'''
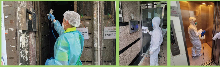
消毒人員在公用地方噴灑防疫消毒塗層

油尖旺民政事務處透過新的油尖旺社區參與計劃，撥款予社區團體舉辦「舊樓消毒齊抗疫」，為區內合資格大廈在公用地方一次性噴灑防疫消毒塗層。活動已於1月中旬開始，逾300幢大廈已受惠，消毒範圍包括舊式大廈大堂、電梯內櫃及按鈕，或單幢唐樓樓梯及扶手等較多人接觸的地方。噴灑消毒液後的地方表面會形成抗菌抗病毒塗層，保護效力長達180天。
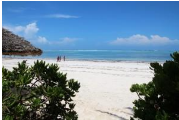
Stranden i Matemwe

På vår partnerskola i Matemwe på Zanzibar kan du få arbeta med barn från 4-6 år (nursery) eller med ungdomar som är 15-25 år. Grundarna är ett otroligt mysigt Zanzibariskt par med rötter från Indien. Skolan ligger 50 meter från stranden, hur ofta får man exempelvis möjlighet att hålla engelskundervisning med havsutsikt? Många har inte råd att låta sina barn gå i statliga skolor men på denna privata skola är undervisningen helt gratis för eleverna. Skolan finansieras med grundarnas egna medel samt två strandvillor som Finns för uthyrning till semesterfirare.
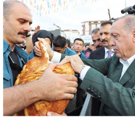
Tayyip Erdoğan, partisinin Ordu'da 19 Eylül Stadyumu'nda düzenlenen mitinge katılarak vatandaşlara hitap etti. Cumhurbaşkanı Erdoğan'ın ekmeğe ikram edildi.

Bay Muharem hiç anlamaz. Onlar varnsın kendi iplerinde devam etsinler. Biz ise hem terübe hem bugüne kadar ortaya koyduğumuz tavırlarla zaten kendimizi ispatladık. Biz bu kararlılıkla yola devam ediyoruz. Türkiye'nin büyük bir devlet ama büyük devletler küçük düşünmez, onlar büyük düşünür."
'''
[THE TASK]: Each line containing the word "Matemwe" must be pulled from the listing and copied.

[RESULT OF THIS TASK]:
Stranden i Matemwe
På vår partnerskola i Matemwe på Zanzibar kan du få arbeta med barn från 4-6 år (nursery) eller med ungdomar som är 15-25 år. Grundarna är ett otroligt mysigt Zanzibariskt par med rötter från Indien. Skolan ligger 50 meter från stranden, hur ofta får man exempelvis möjlighet att hålla engelskundervisning med havsutsikt? Många har inte råd att låta sina barn gå i statliga skolor men på denna privata skola är undervisningen helt gratis för eleverna. Skolan finansieras med grundarnas egna medel samt två strandvillor som Finns för uthyrning till semesterfirare.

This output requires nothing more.